WHAT THE EXERCISE ASKS: Using the records that follow, reproduce exactly the lines starting at the line containing "For instance, Figure" and ending at the line containing "- Images 1-2". Include both end lines and no pictures.

DATA TO PROCESS:
======

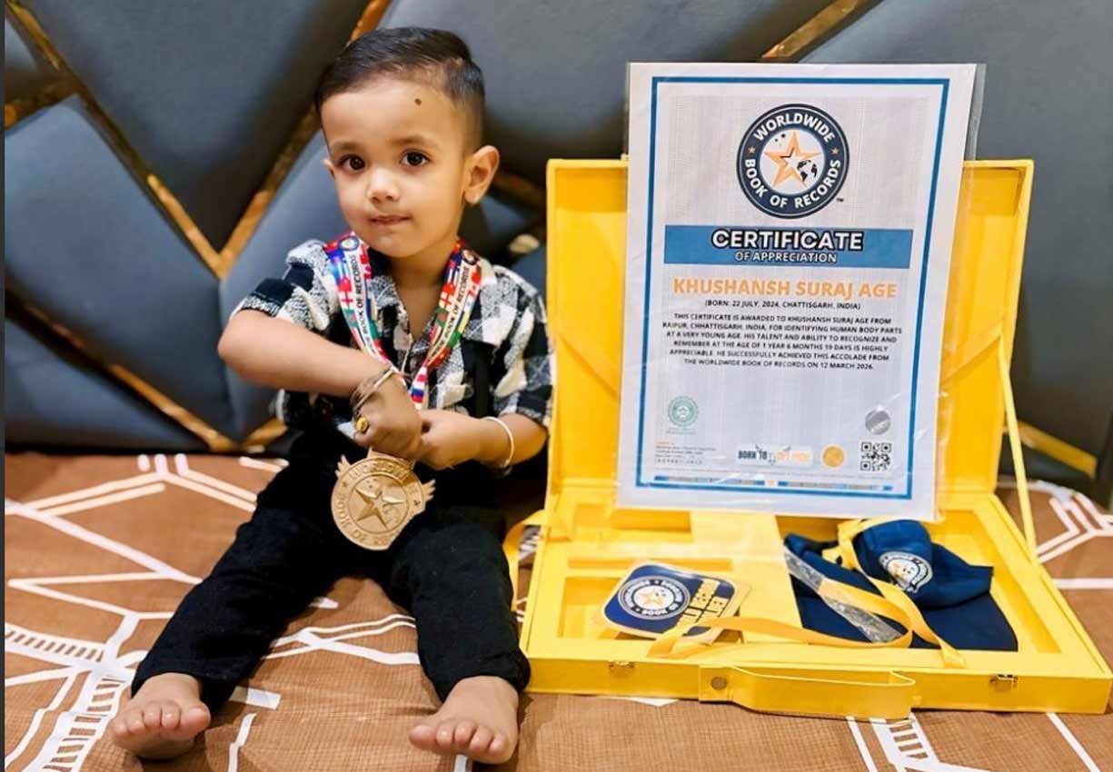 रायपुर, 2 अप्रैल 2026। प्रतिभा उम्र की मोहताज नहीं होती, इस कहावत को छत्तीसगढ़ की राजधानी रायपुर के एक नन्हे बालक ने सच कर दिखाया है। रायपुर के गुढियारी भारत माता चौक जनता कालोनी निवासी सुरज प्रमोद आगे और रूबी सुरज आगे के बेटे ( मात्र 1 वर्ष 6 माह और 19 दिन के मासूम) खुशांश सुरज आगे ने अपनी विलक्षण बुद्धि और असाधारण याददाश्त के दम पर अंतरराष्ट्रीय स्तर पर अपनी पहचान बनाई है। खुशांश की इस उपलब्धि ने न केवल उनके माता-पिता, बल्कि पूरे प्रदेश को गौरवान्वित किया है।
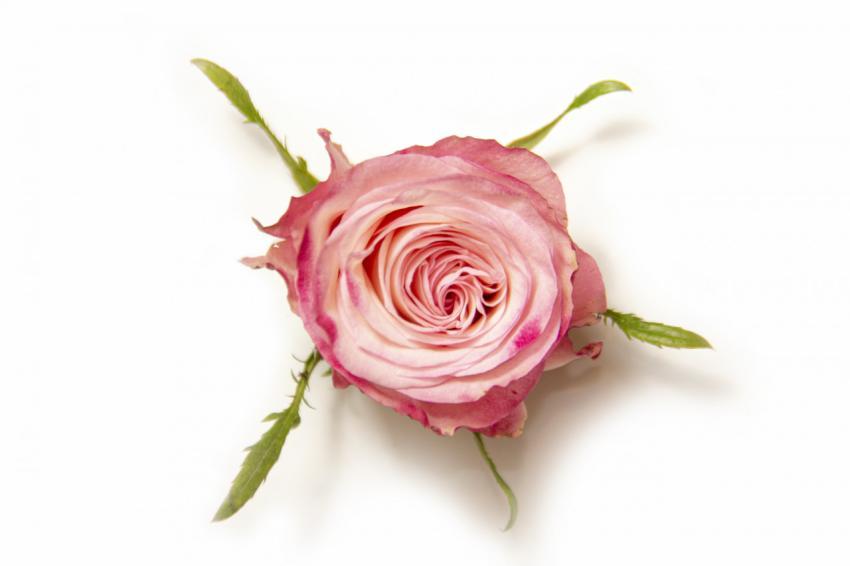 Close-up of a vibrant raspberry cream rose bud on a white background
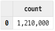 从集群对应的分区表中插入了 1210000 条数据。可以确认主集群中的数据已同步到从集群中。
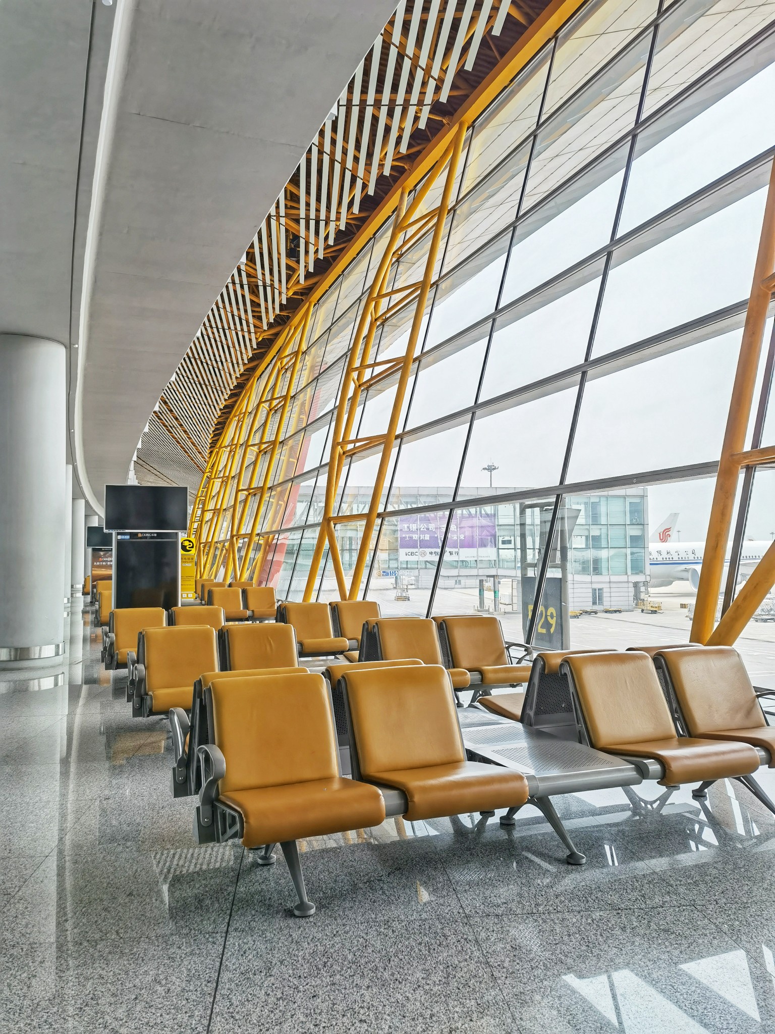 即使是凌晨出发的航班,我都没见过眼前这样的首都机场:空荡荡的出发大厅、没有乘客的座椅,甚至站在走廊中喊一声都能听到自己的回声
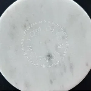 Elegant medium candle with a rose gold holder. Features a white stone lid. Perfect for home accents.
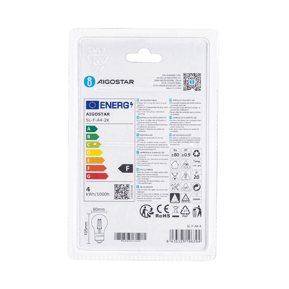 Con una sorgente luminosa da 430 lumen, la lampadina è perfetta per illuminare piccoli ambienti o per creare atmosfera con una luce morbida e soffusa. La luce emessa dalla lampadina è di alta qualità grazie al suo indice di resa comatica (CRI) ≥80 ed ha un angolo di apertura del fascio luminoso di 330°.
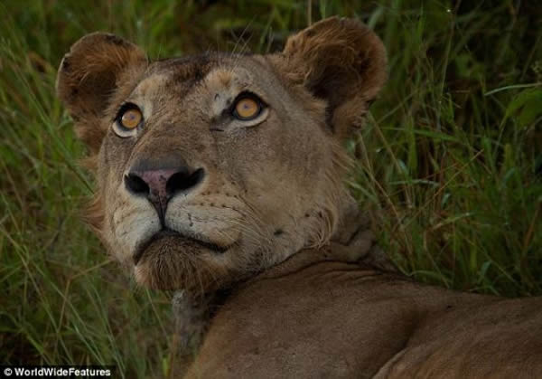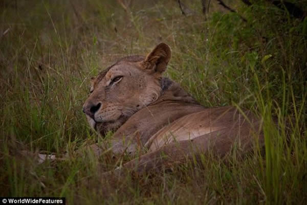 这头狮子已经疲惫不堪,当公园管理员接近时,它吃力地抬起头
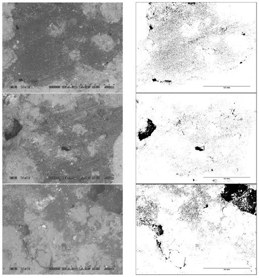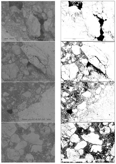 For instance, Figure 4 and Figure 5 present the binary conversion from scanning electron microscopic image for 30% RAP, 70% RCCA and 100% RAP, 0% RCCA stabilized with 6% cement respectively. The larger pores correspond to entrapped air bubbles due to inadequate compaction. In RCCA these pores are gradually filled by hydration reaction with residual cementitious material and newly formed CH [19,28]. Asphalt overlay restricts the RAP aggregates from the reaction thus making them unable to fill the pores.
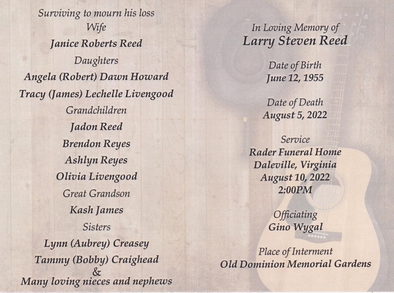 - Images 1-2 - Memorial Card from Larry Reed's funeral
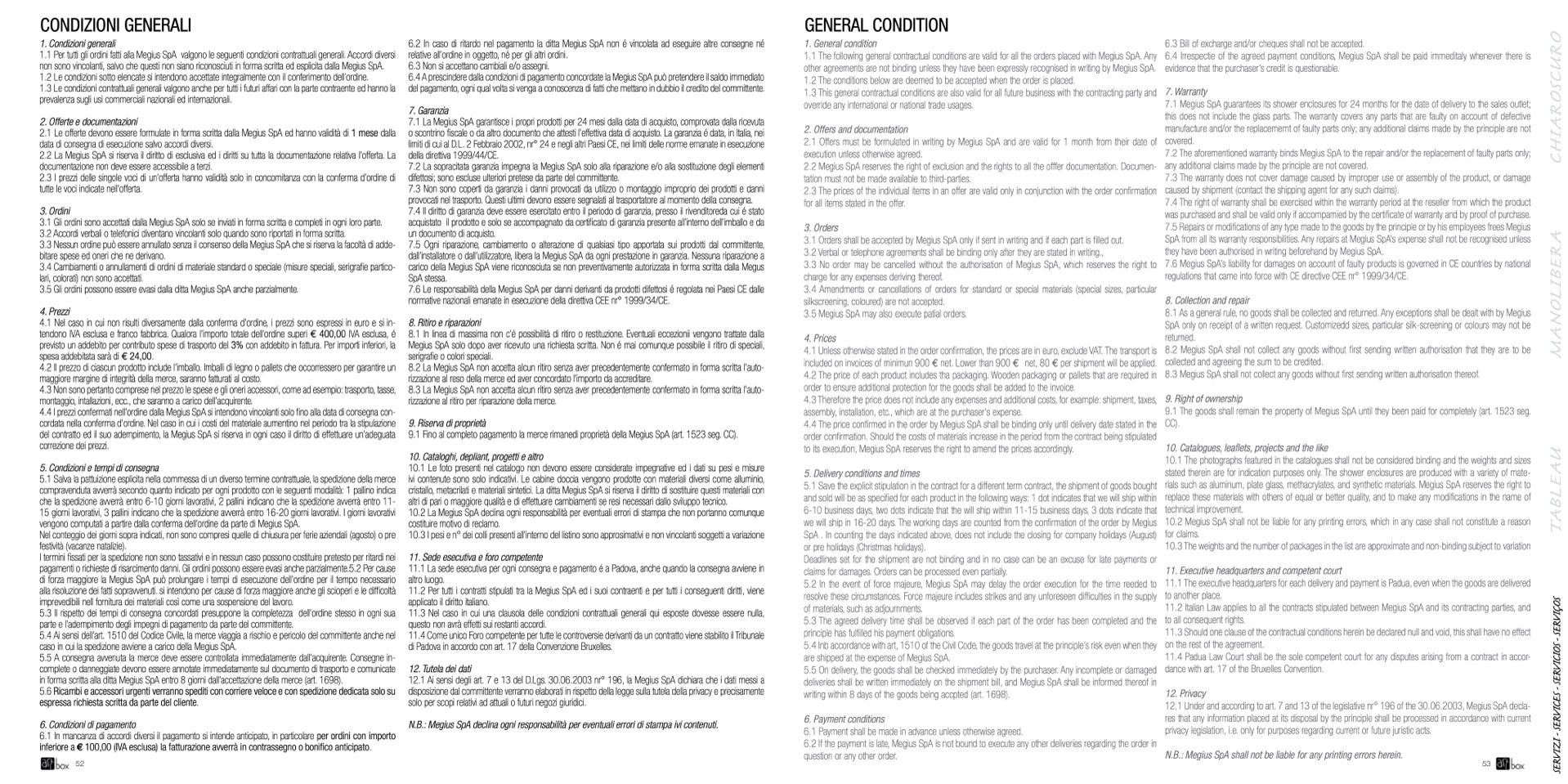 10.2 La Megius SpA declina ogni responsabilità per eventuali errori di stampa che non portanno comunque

======

SOLUTION:
 For instance, Figure 4 and Figure 5 present the binary conversion from scanning electron microscopic image for 30% RAP, 70% RCCA and 100% RAP, 0% RCCA stabilized with 6% cement respectively. The larger pores correspond to entrapped air bubbles due to inadequate compaction. In RCCA these pores are gradually filled by hydration reaction with residual cementitious material and newly formed CH [19,28]. Asphalt overlay restricts the RAP aggregates from the reaction thus making them unable to fill the pores.
 - Images 1-2 - Memorial Card from Larry Reed's funeral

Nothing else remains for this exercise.